Directions for this task: Only one stretch of the material below is wanted: everything from the line containing "Discover the vibrant" down to the line containing "大殿旁的墙角里,一个皮肤黑红", both ends included. Repeat it exactly and skip the pictures.

---+---

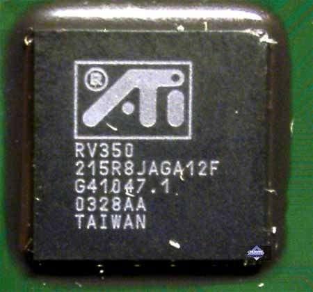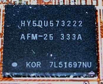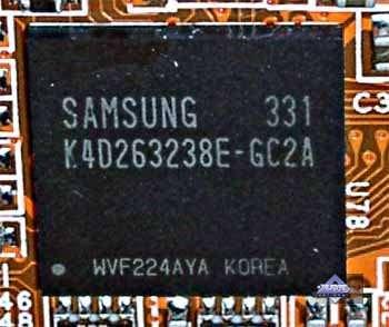 | Микросхемы памяти производства Samsung (BGA). Время выборки у микросхем памяти 2,8 ns, что соответствует частоте работы 350 (700) МГц, память же работает на частоте 300 (600) МГц. Частота работы GPU — 500 MHz. Шина обмена с памятью — 128 bit. | ![]() |
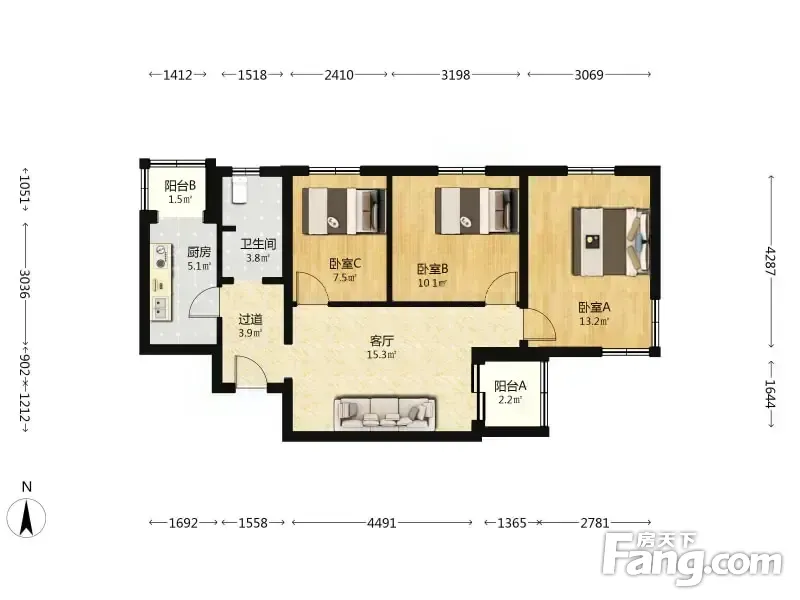 小区介绍小区是丰台城建开发建设的,物业是丰台城建自己的物业;供暖是集中供暖30元每平米,小区车位是租赁车位没有产权车位,地上车位150元每月 户型介绍房子是钢混结构的全全明格局三居室,客厅朝东向有阳台,主卧室东南北三面窗采光通风好,两个次卧室朝北向,厨房有北向阳台,卫生间有窗户通风换气好
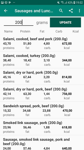 Obtenha informações nutricionais para mais de 10.000 produtos e receitas alimentares! As informações nutricionais incluem calorias, gorduras, proteínas e carboidratos.
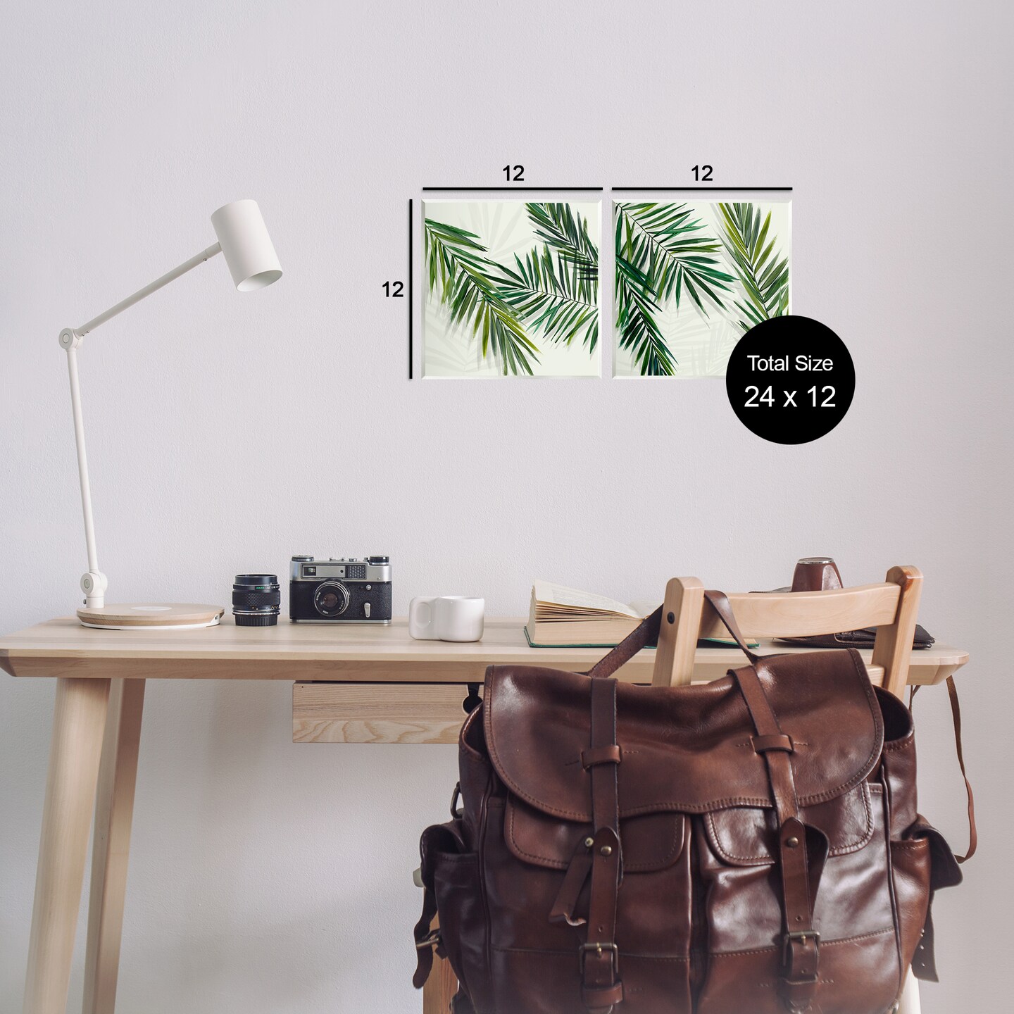 Stupell Industries Palm Fronds over Neutral 2pc Wall Plaque Art Set Design by Hannah Dawson
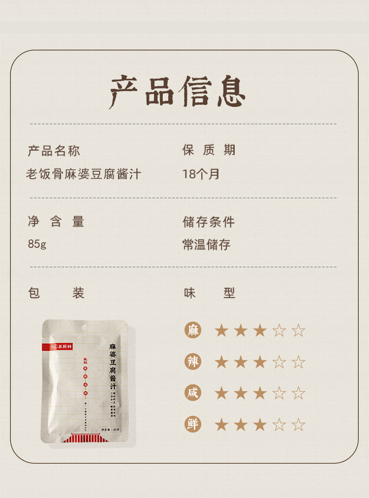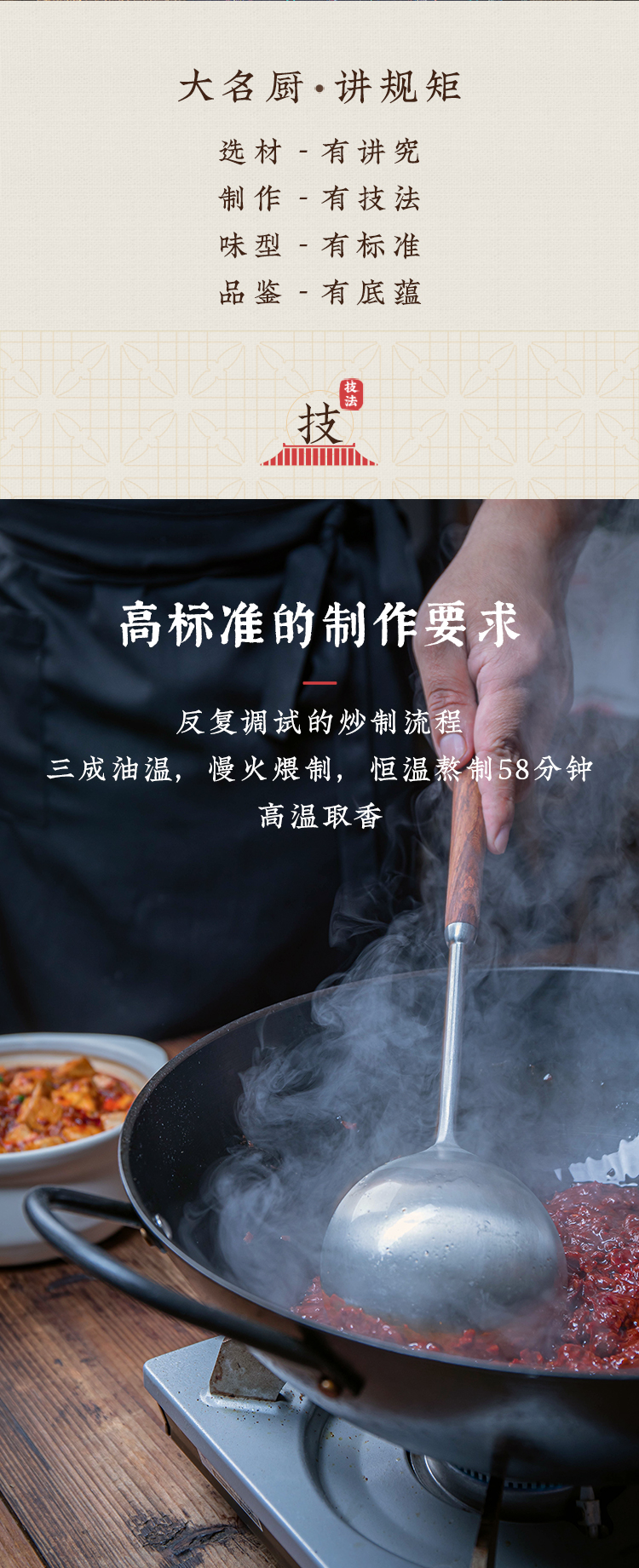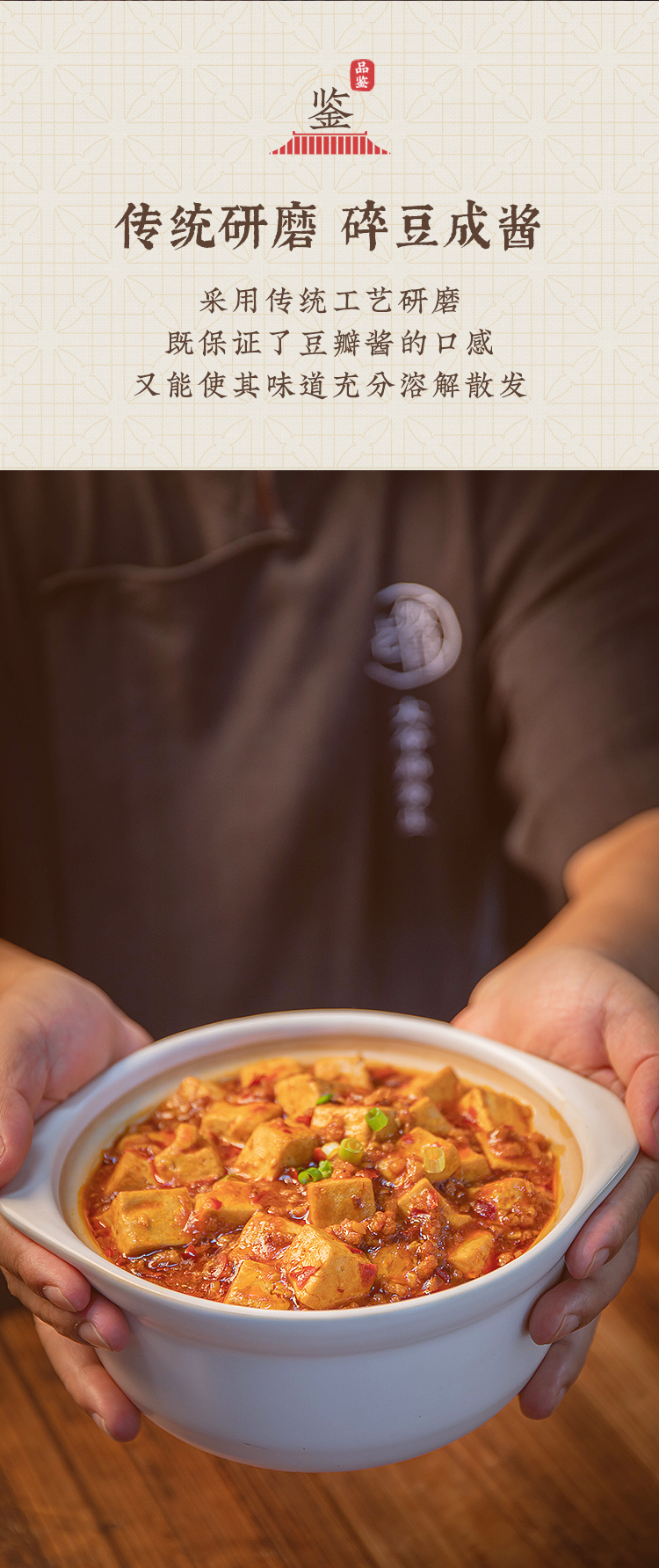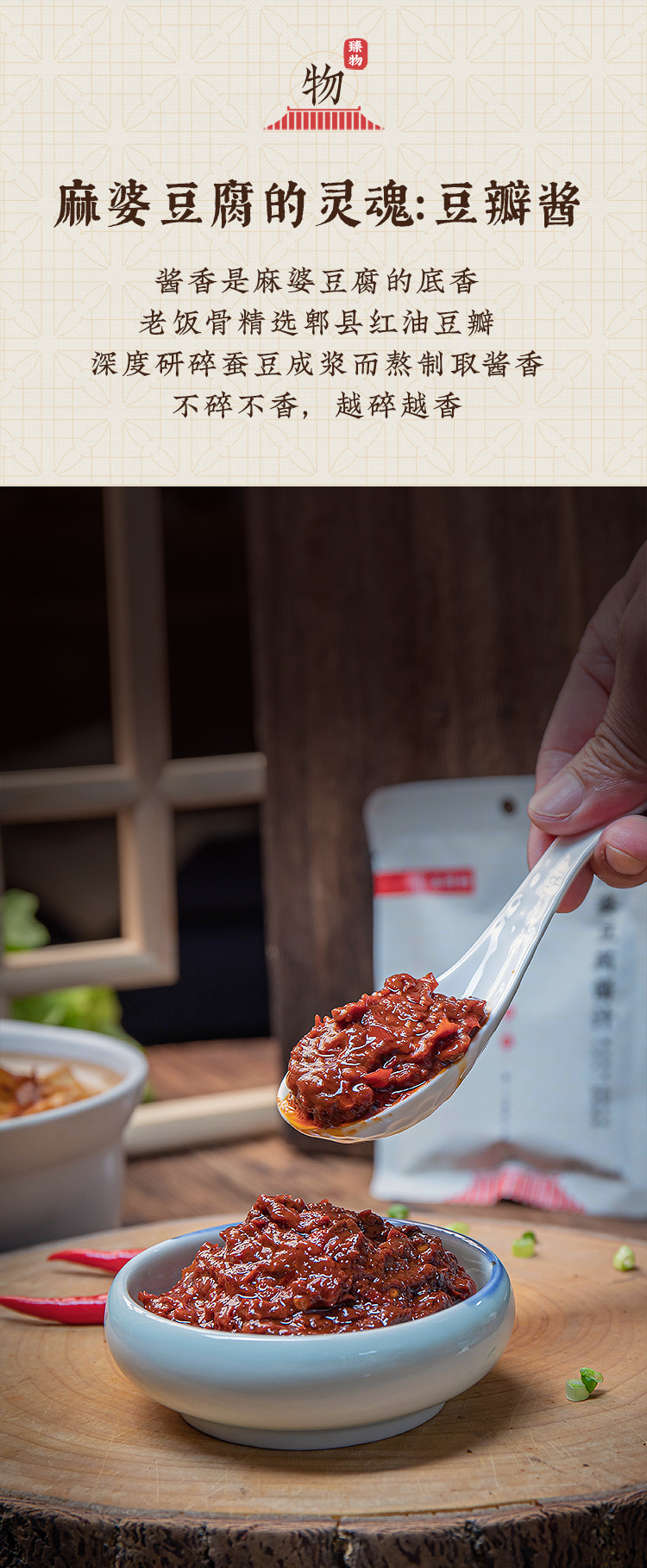 老饭骨通过反复试味调制,用心还原麻婆豆腐的麻、辣、鲜、香、烫、酥、嫩这七味。采用三成油温慢火煨制,恒温熬煮长达58分钟,随后通过90度高温精准控温,实现灭菌同时萃取极致酱香。而其核心灵魂在于精选郫县红油豆瓣,通过老饭骨们使用传统研磨工艺,深度研碎蚕豆成浆,熬制成酱,确保酱香浓郁且口感细腻,既保留了豆瓣酱的纯正风味,又让味道充分释放。
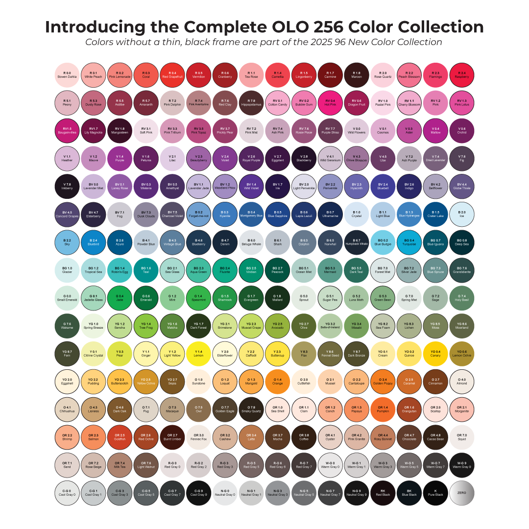 Discover the vibrant possibilities of the new OLO™ marker 96-color expansion with this curated 32-color set. Each set features unique hues with no repeats and is designed to expand your creative palette and enhance blending across a wide range of projects.
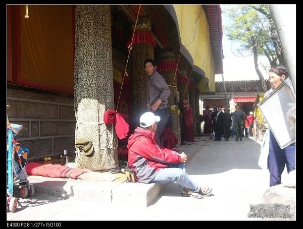 大殿旁的墙角里,一个皮肤黑红,扎着几绺小辫的女孩依偎在母亲的怀里,静静地喝着酥油茶,闪亮的大眼睛注视着我们这些匆匆过客。母亲的手抚摩着女孩的额头,眼睛却一直注视着佛殿的方向——女孩的父亲正在那儿磕头还愿。 在一个虔诚的叩拜后,女孩的父亲缓缓站起,朝他们走去。而母亲也在这时站了起来。一家三口相互笑了笑,那么的默契温暖。当女孩躺在父亲宽大臂膀中的同时,在刚才父亲叩拜的木板上,母亲合十的双手正举向头顶……
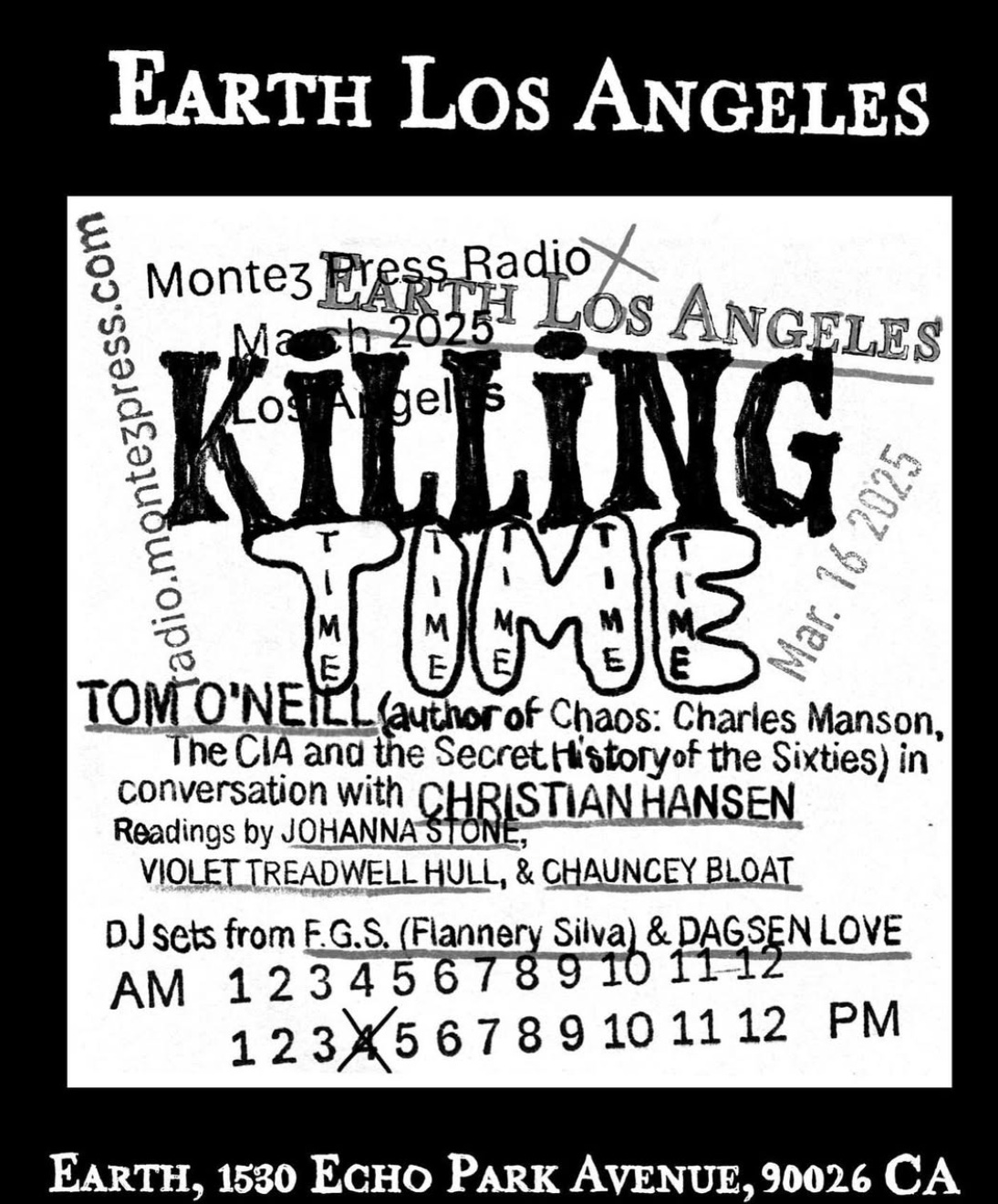 At Earth Los Angeles from 4pm - 8pm — Montez Press Radio & Earth present the first in a series of collaborative shows in Los Angeles. KILLING TIME features author Tom O’Neill and investigative journalist Christian Hansen in conversation about American murder cults. Readings and DJ sets to follow. Attend in person, listen on https://radio.montezpress.com/#/, orlivestream on Earth’s Youtube.

---+---

Result below:
 Discover the vibrant possibilities of the new OLO™ marker 96-color expansion with this curated 32-color set. Each set features unique hues with no repeats and is designed to expand your creative palette and enhance blending across a wide range of projects.
 大殿旁的墙角里,一个皮肤黑红,扎着几绺小辫的女孩依偎在母亲的怀里,静静地喝着酥油茶,闪亮的大眼睛注视着我们这些匆匆过客。母亲的手抚摩着女孩的额头,眼睛却一直注视着佛殿的方向——女孩的父亲正在那儿磕头还愿。 在一个虔诚的叩拜后,女孩的父亲缓缓站起,朝他们走去。而母亲也在这时站了起来。一家三口相互笑了笑,那么的默契温暖。当女孩躺在父亲宽大臂膀中的同时,在刚才父亲叩拜的木板上,母亲合十的双手正举向头顶……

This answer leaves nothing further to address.